Just some of the ignorant statements we have heard when taking Chuy for a walk. For the most part people go crazy over him and want to pet him and ask a million questions. It was cute at first but it is getting old because if we are out for a walk, I don't want to keep getting interuppted. 

An iPod works wonders


----------



## lilsunshine0304 (Sep 26, 2009)

London said:


> Yep unfortunately I get that comment all to often. I usually call the person something back lol.
> One woman said it so I said, 'Well I guess its better to look like a rat than a hippo' and smiled sweetly
> 
> I honestly dont get it, have these idiots never seen a rat before? Chihuahua's look NOTHING like them. Its just ignorance and I'll leave them to it, they dont know what theyre missing with our lovely breed


HAHA... that sounds like something I would say in response! I've never had a problem with anyone saying anything about Chico, most of the people just comment on how unique looking his eyes are. I don't really care what people say, I love my little Chico.


----------



## pigeonsheep (Nov 8, 2008)

WOW! i would've said "oh what a pretty creature you have as well" thanks bye!


----------



## roughhouse (Mar 1, 2009)

I don't get too many negative comments about Neeci. Most people think she is adorable around here. When we took her trick-or-treating with the kids she spent most of the time tucked into my jacket with just her head popped out because it was cold and there were so many kids that I was afraid she would get stepped on but people were nice and many people came and pet her. 
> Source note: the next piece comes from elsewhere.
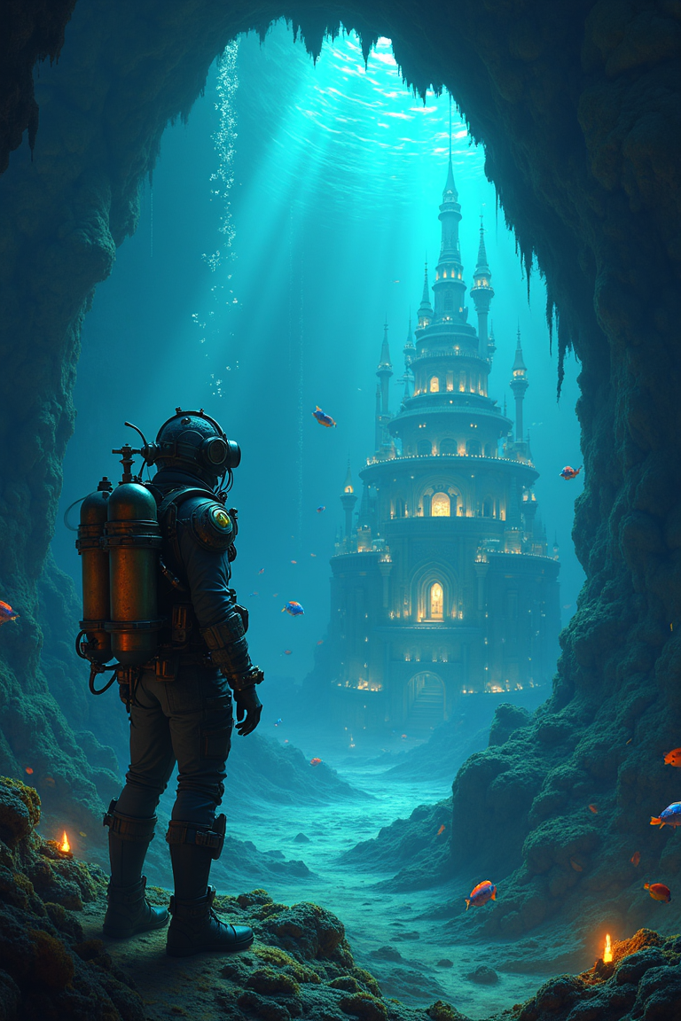 A deep-sea diver in ornate, steampunk-inspired gear pauses at the edge of a hidden underwater city. The city glows with an ethereal, bioluminescent light, a stark contrast to the dark ocean depths. Schools of exotic, glowing fish swirl around the diver, their scales shimmering with vibrant colors. Ancient, barnacle-encrusted artifacts litter the seabed. The diver's oxygen gauge is visibly low. The scene blends the intricate, mechanical details of steampunk with the whimsical, detailed artistry of a Studio Ghibli film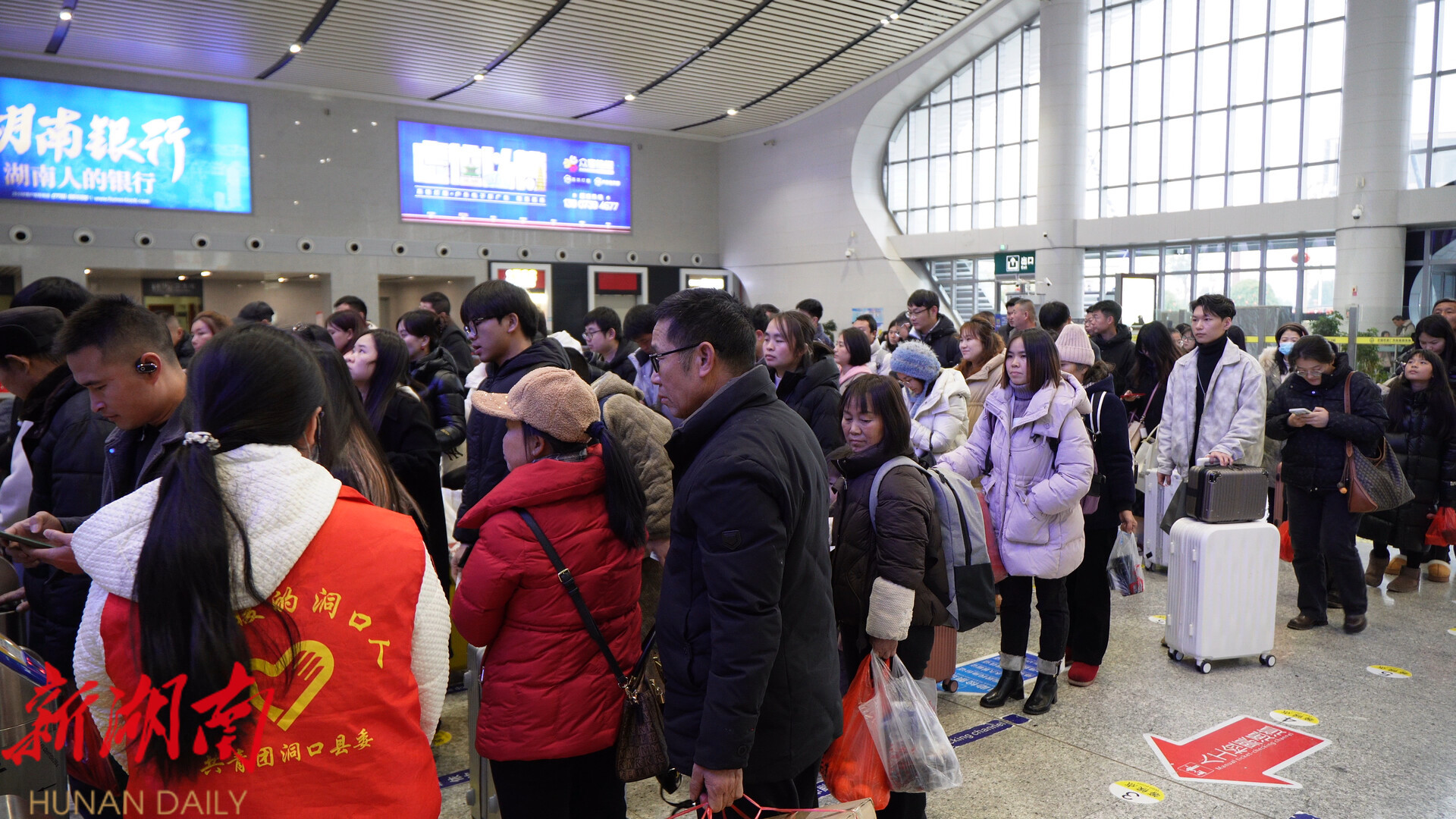 据悉,此次春运期间,洞口高铁站联动铁路公安、青年志愿者等多方力量,形成保障合力。青年志愿者们身着统一服装,在候车厅、检票口、安检处等关键区域,为老幼病残孕等重点旅客提供帮扶引导、咨询解答等服务;铁路公安民警全时段坚守岗位,强化车站及周边安全管控,筑牢安全防线,与车站工作人员、志愿者携手,全方位保障旅客出行安全与便捷。

I get a ton of negative comments about Bo though. How I must not care about my kids if I own such a breed. How could I take a chance with people's lives and bring a pit bull around them. All the while he is standing there minding his own business and just hoping someone will pet him. I just want to tell them that obviously my pit bull has better manners than they do. I do tell them that I trust my pit bull with my kids more than I trust my kids with my pit bull. He doesn't leave them outside or sit on them. I wish the people in this world weren't so closed minded.


----------



## LittleHead (May 20, 2004)

People, even those who have pets themselves, think they can make any comment they want about your pet. 

Makes no sense to me!


----------



## Kay (Oct 14, 2009)

roughhouse said:


> I don't get too many negative comments about Neeci. Most people think she is adorable around here. When we took her trick-or-treating with the kids she spent most of the time tucked into my jacket with just her head popped out because it was cold and there were so many kids that I was afraid she would get stepped on but people were nice and many people came and pet her.
> 
> I get a ton of negative comments about Bo though. How I must not care about my kids if I own such a breed. How could I take a chance with people's lives and bring a pit bull around them. All the while he is standing there minding his own business and just hoping someone will pet him. I just want to tell them that obviously my pit bull has better manners than they do. I do tell them that I trust my pit bull with my kids more than I trust my kids with my pit bull. He doesn't leave them outside or sit on them. I wish the people in this world weren't so closed minded.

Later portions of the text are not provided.